When a movie gets popular, a bandwagon forms to get in on the action. Right now, superheroes, fantasy, and urban fantasy are popular. Look at the popular films of 2017; of the top ten, six are superhero movies. The Lord of the Rings films showed there was an audience for fantasy, leading to novels like A Game of Thrones and Elfstones of Shannara being adapted for television. Supernatural is still going into its 13th season, not to mention all the vampire TV series that have come and gone over the past decade.
What if one movie could tie all three together, riding on the coat tails of all that has come before? In 2011, The Asylum rose to the challenge with the SyFy feature, The Almighty Thor. As a character, Thor is very much open source. Myths and legends are well out of copyright and Marvel can trademark the appearance of characters based on them but not necessarily the name. However, The Mighty Thor is right out; hence, The Almighty Thor.
The movie itself features Ragnarok, the final battle between good and evil where evil is destined to win, causing the worlds to end. Midgard – Earth – would suffer the most in this battle.
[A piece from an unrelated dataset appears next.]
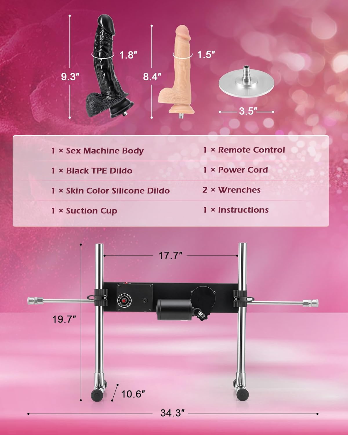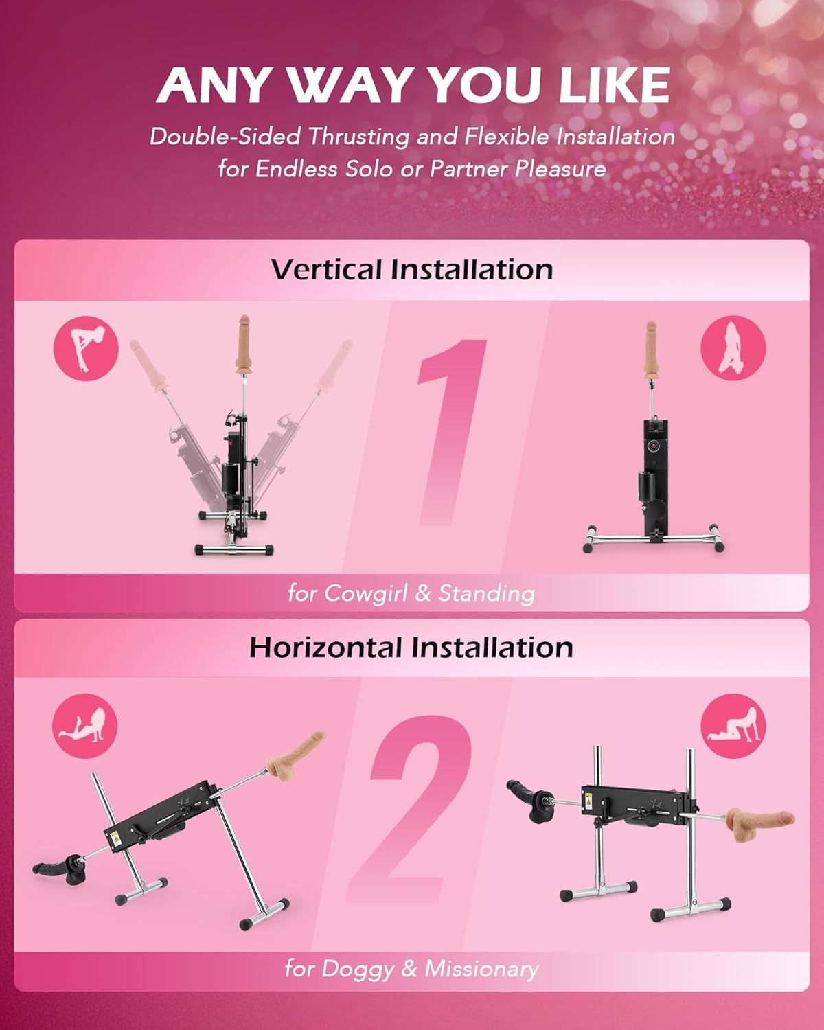 Y-NOT automatic sex machine, double-sided thrust prosthetic penis machine, with 3 accessories and remote control, suitable for female and male couples

Loki, played by Richard Grieco, in is home in Niflheim, chants the incantation to start the battle, then heads out to wreak havoc on Valhalla with his giant dog demons. Odin, played by Kevin Nash, senses that something is up and heads off to investigate with his sons, Baldir (Jess Allen) and Thor (Cody Deal). Thor follows Odin into the lair of the Norns (Nicole Fox, Leslea Fisher, Lauren Halperin) who foresee the end of the worlds. Thor, though, defies Fate, setting up the rest of the movie.
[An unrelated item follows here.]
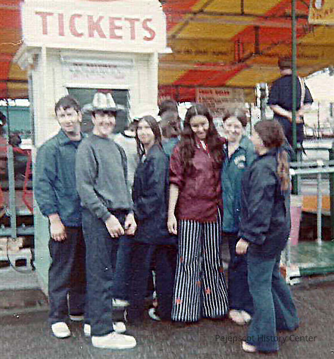 A color photograph of an unknown group in front of a ticket booth.

Odin faces off against Loki, trying to stave off Ragnarok. Loki, being a trickster, gets Odin to kill Baldir, then stabs Odin in the back. Loki needs the Hammer of Invincibility. With his dying strength, Odin sends the Hammer back to its origins, the Tree of Life, Yggdrasil. Odin’s dying words to Thor are to retrieve the Hammer before Loki can. However, Loki isn’t far and attacks Thor. The surviving son of Odin isn’t adept with weapons yet, stinging more with his words than his sword. Just as Loki is about to strike a killing blow, help appears in the form of Jarnassa (Patricia Valesquez). She strikes Loki from behind, then pulls Thor away.
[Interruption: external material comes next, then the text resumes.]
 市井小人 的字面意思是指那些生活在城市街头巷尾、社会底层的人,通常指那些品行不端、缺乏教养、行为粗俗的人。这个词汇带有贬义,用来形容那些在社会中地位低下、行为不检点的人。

The chase is on! Jarnassa pulls Thor through several gateways to escape Loki, eventually ending up in Los Angeles. She manages to get some training in for Thor, but he is stubborn and wants revenge on Loki for what he’s done. With Ragnarok in progress, the goal is to get to the Tree of Life to save Midgard and its humans while outrunning Loki and his giant dog-demons…Thor and Jarnassa reach the Tree of Life, where he recovers the Hammer. Jarnassa wants to hide Thor away for as long as it takes to train him. Thor insists on stopping Loki now.
Thor wins the argument, but in his fight against Loki, loses the Hammer to him. Loki is able to get to the Tree of Life and kill it, ensuring Ragnarok happens. Thor is sent to Niflheim. Instead of perishing, Thor figures out how to use his godly abilities and creates a new Hammer of Invicibility. He climbs out of Niflheim back to Midgard and fights Loki one more time, hammer to hammer. Thor the Warrior emerges and defeats Loki, then heads to the Tree of Life to revive it, ending Ragnarok. To ensure that the end of Midgard will never happen, Thor returns to the Norns and destroys their loom and tapestries, letting humans decide what their fate will be.
Putting aside other problems the movie has, and it has many, it plays fast and loose with Norse mythology. Baldir is fated to die by being hit by mistletoe, not Odin’s own spear. Thor and Loki are brothers, both sons of Odin. But when it comes to getting something done quick and cheap, details are one of the first corners cut. The Almighty Thor borrows from myth and legend in its own way, becoming less a product of the source and more its own movie.